Physico-chemical models postulated for the ageing processes led to the almost universal
assumption of the Arrhenius equations to describe the rate of ageing. Out of this arose
the concept of the temperature index (TI) as a single-point characteristic based upon
accelerated ageing data. This is the numerical value of the temperature in °C at which the
time taken for deterioration of a selected property to reach an accepted end-point is that
specified (usually 20 000 h).
NOTE The term Arrhenius is widely used (and understood) to indicate a linear relationship between the logarithm
of a time and the reciprocal of the thermodynamic (absolute or kelvin) temperature.
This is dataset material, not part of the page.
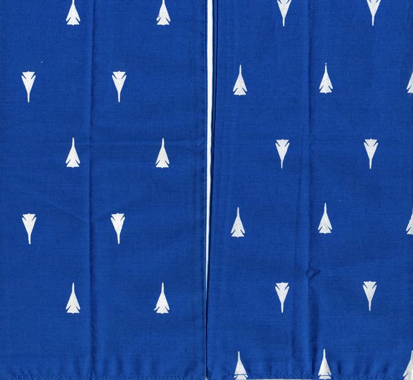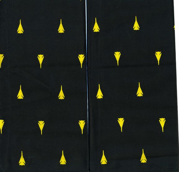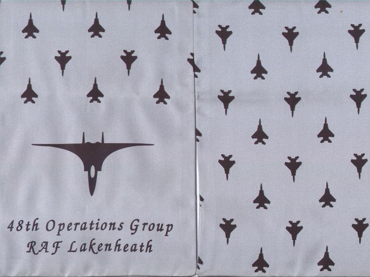has dark blue, yellow, red, and green F-111 silhouettes on

The correct usage is restricted
to such a relationship between a reaction rate constant and the thermodynamic temperature. The common usage is
employed throughout this standard.
The large statistical scatter of test data which was found, together with the frequent
occurrence of substantial deviations from the ideal behaviour, demonstrated the need for tests
to assess the validity of the basic physico-chemical model. The application of conventional
statistical tests, as set out in IEC 60493, fulfilled this requirement, resulting in the "confidence
limit", (TC) of TI, but the simple, single-point TI was found inadequate to describe the
capabilities of materials. This led to the concept of the "Thermal Endurance Profile" (TEP)
given in the second edition of this part of IEC 60216, incorporating the temperature index, its
variation with specified ageing time, and a confidence limit.
A complicating factor is that the properties of a material subjected to thermal ageing may not
all deteriorate at the same rate, and different end-points may be relevant for different
applications. Consequently, a material may be assigned more than one temperature index,
derived, for example, from the measurement of different properties and the use of different
end-point times.
A useful addition to the standard was the relative temperature index (RTI) obtained by simul-
taneous ageing of a known reference material with the test material, eliminating some of the
uncertainties associated with, for example, oven temperature control.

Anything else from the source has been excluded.